Wednesday, October 29, 2008

Snow job

I just came home from work, but before I could get home I had to clean at least six inches of dense, heavy, wet snow off my car. If you live in the Northeast, snow is a way of life, but a bleeping N'oreaster in October is WAY too much WAY too soon.

But it got me thinking about other "snow jobs." For example, my personal experience with the 1975 Topps Ralph Garr. When I was a youngster, this was one of my all-time favorite cards. I first spotted it during my first trip to the Baseball Hall of Fame.

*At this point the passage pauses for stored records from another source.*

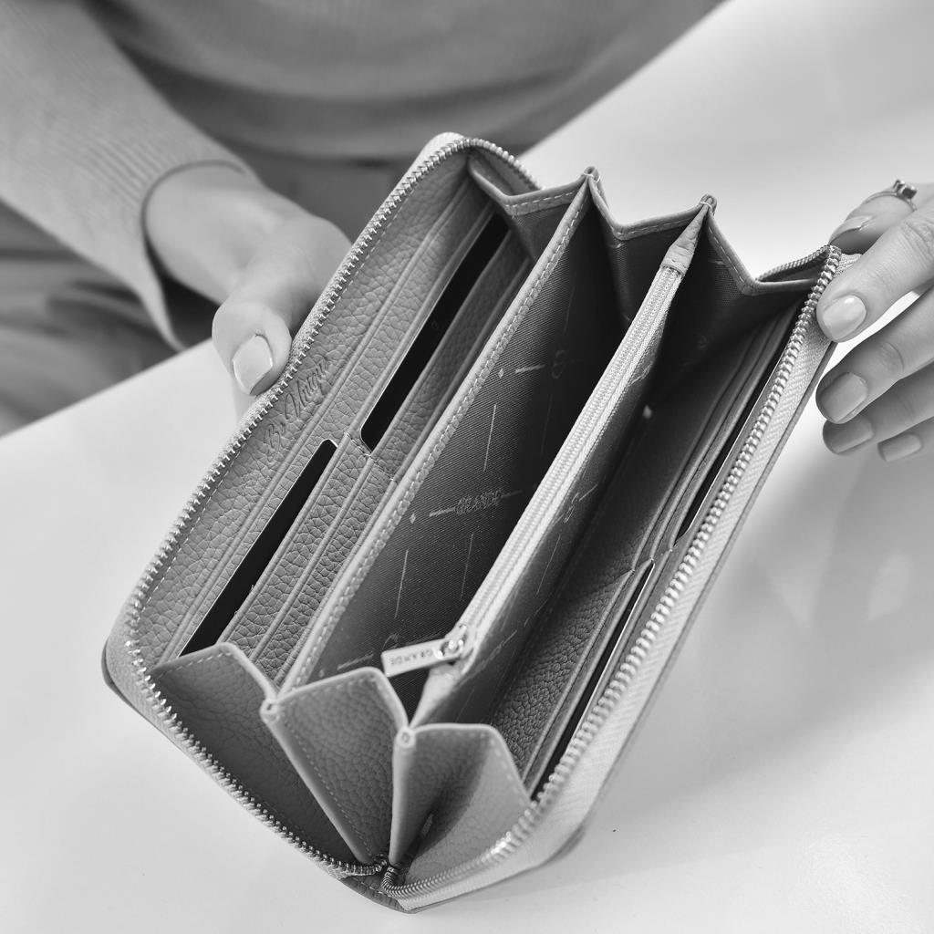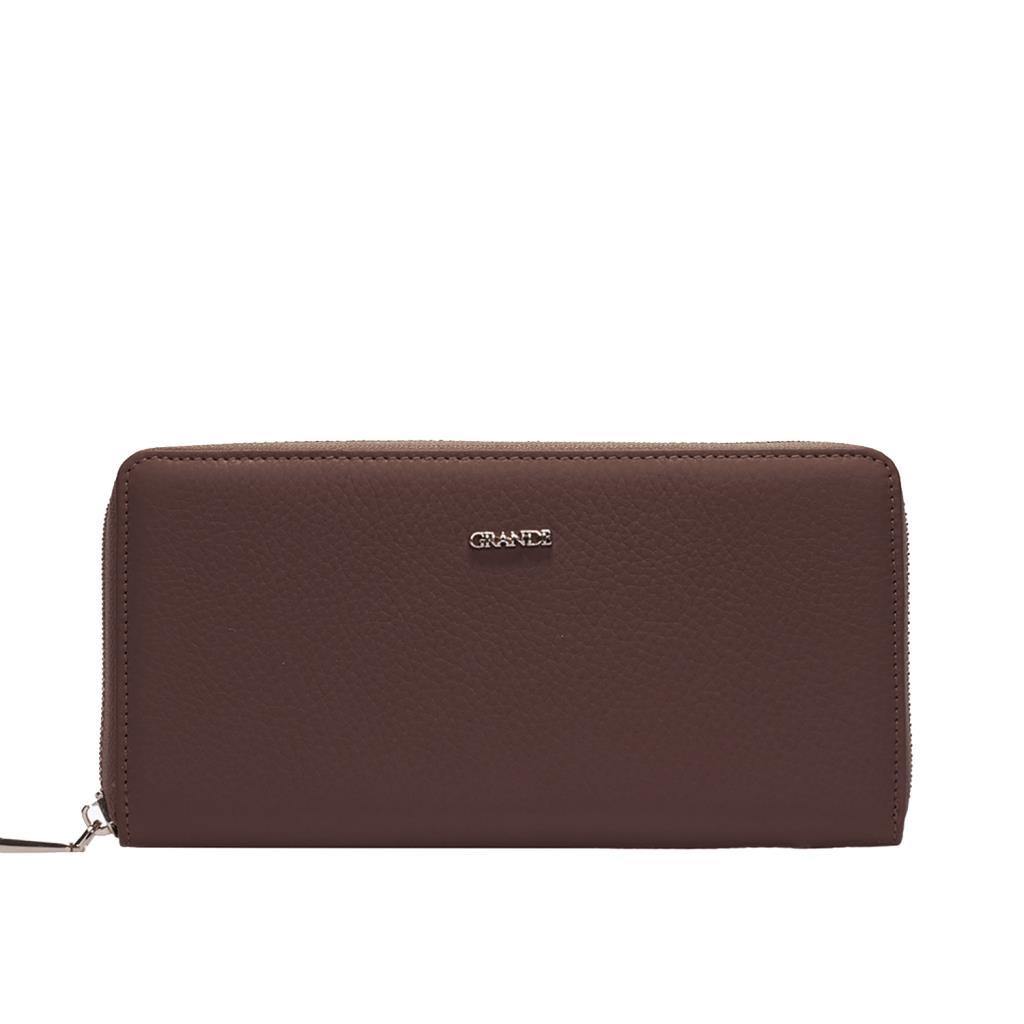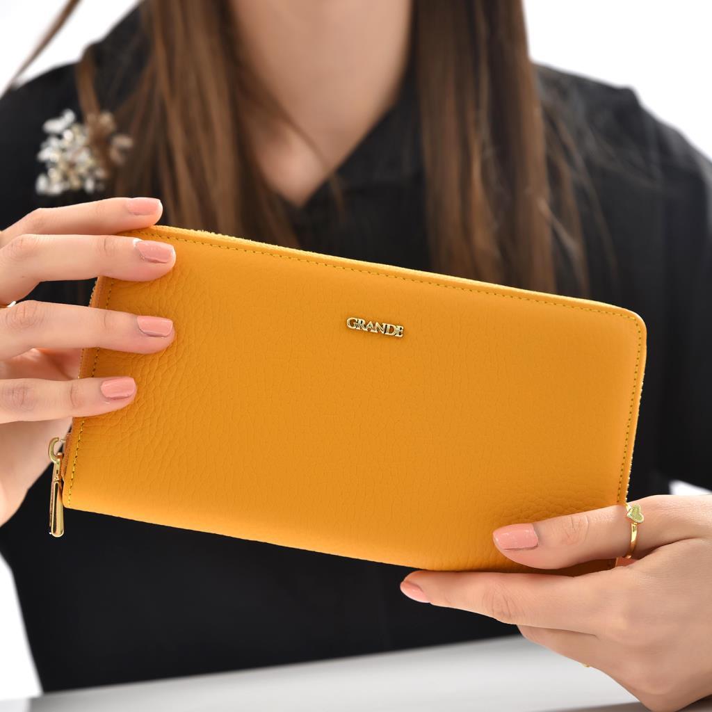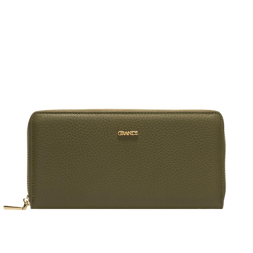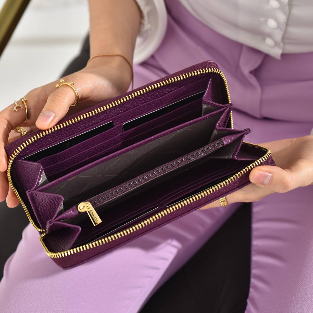 Grande Gerçek Deri Fermuarlı Kadın Cüzdanı Büyük Boy Hakiki Deri Petrol
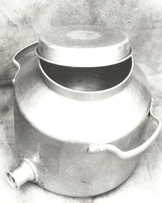 Bidon en métal présentant un couvercle et deux anses horizontales. Des tétines en caoutchouc étaient fixées au goulot.
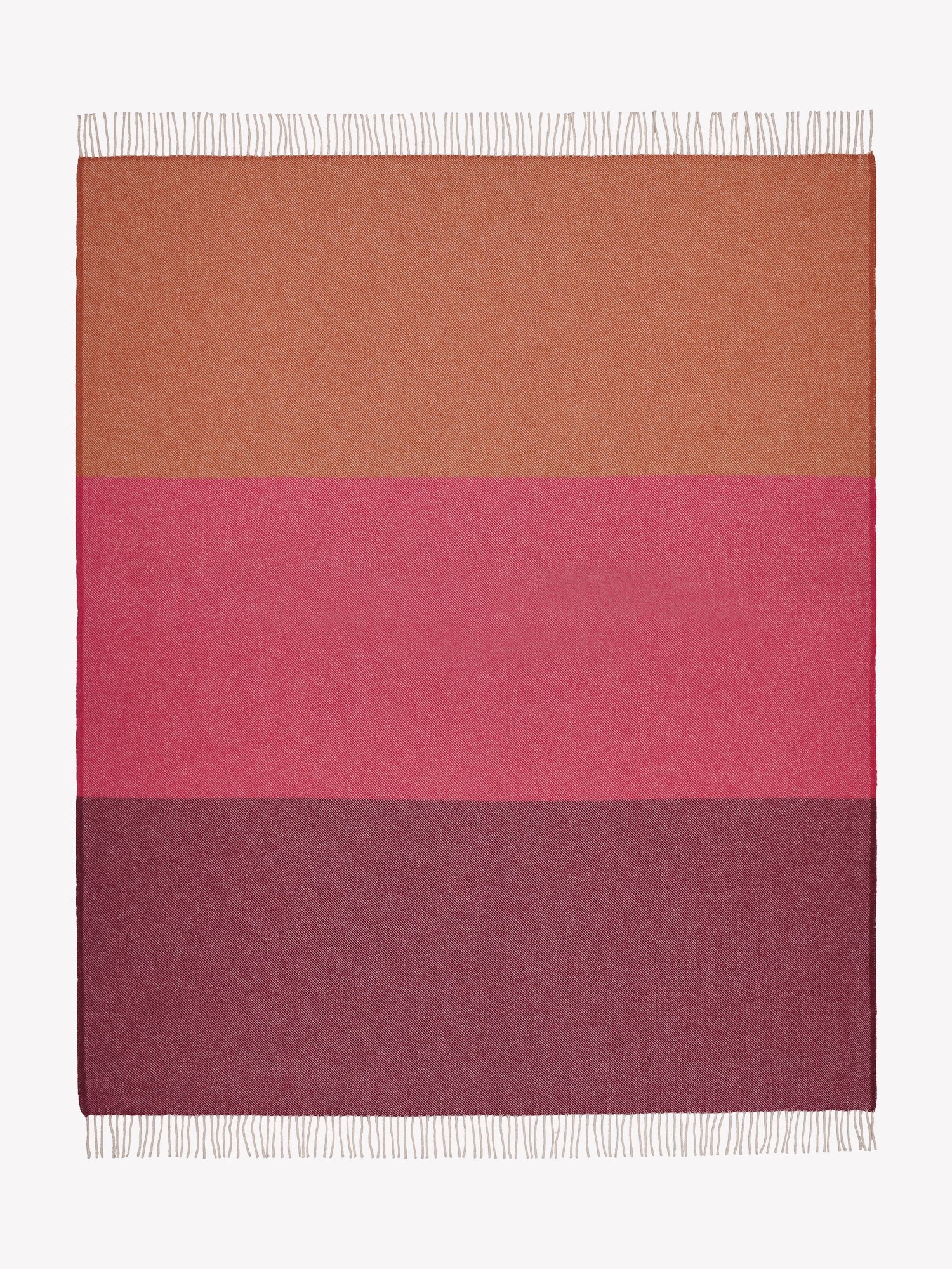 Kylmenevinä iltoina on ihanaa kietoutua 100% uudesta, puhtaasta villasta valmistettuun Trio-villahuopaan. Huovassa on kaunis punainen raitakuvio. Villahuovan lyhyitä sivuja koristaa kierrehapsut ja vasemmassa alakulmassa on kudottu Nanso-merkki. Huovan koko on 130 x 170 cm.
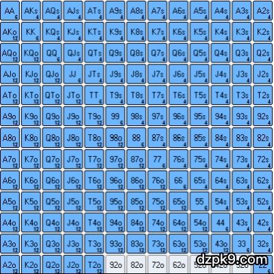 单挑玩太少的手牌是新玩家在SNG中最容易犯的错误。特别是来自其他变体的玩家,他们不习惯玩一个非常高的VPIP。然而,SNG的结构有利于在单挑中使用非常高的VPIP。对于大多数记分牌大小,尽量选择>90%。
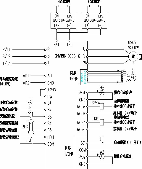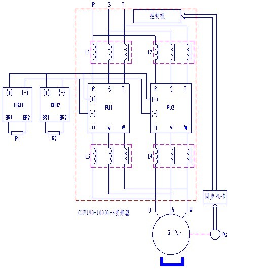 --传动系统方案如图2所示,变压器二次侧690V三相交流电源经隔离开关、熔断器、接触器、输入电抗器提供给变频器,CHV190-1000G-6变频器采用并机方式,即由2台690V500KW变频器并机组成,每台变频器均配置输入、输出电抗器,与电动机同轴安装UVW型同步电动机专用编码器。电气制动采用2台DBU100H-320-6能耗制动单元;每台制动单元连接4Ω180KW制动电阻。

For all of you readers, who when I mentioned the snowstorm, thought, "I'm glad I don't live THERE," here's another thing to think about: I've been to the Baseball Hall of Fame at least six times, probably more. That's one of the wonderful things about living in the Northeast. Cooperstown is right around the corner. And as my boss, who has lived in a variety of areas in the country, says, where we live, we can resolve most of our weather disasters with a shovel.

OK, tangent over. There are three things I remember about first going to the Hall of Fame. (I was probably around 10 years old). The first thing I remember is my youngest brother getting car sick. The second thing I remember is spending time in a podunk laundromat while my parents cleaned my brother's clothes and being fascinated that you could purchase a can of spaghetti from a vending machine.

The third thing I remember is the huge display of every 1975 Topps baseball card at the Hall of Fame. Forget the bronze plaques. That's what I remember. And I especially remember the Garr card. I thought the photo on that card was as awesome an action shot as there ever was. The Roadrunner about ready to take off! And he don't need no stinking helmet.

I wanted that card so badly that I sent away for it out of some collector magazine. And I enjoyed that card for years.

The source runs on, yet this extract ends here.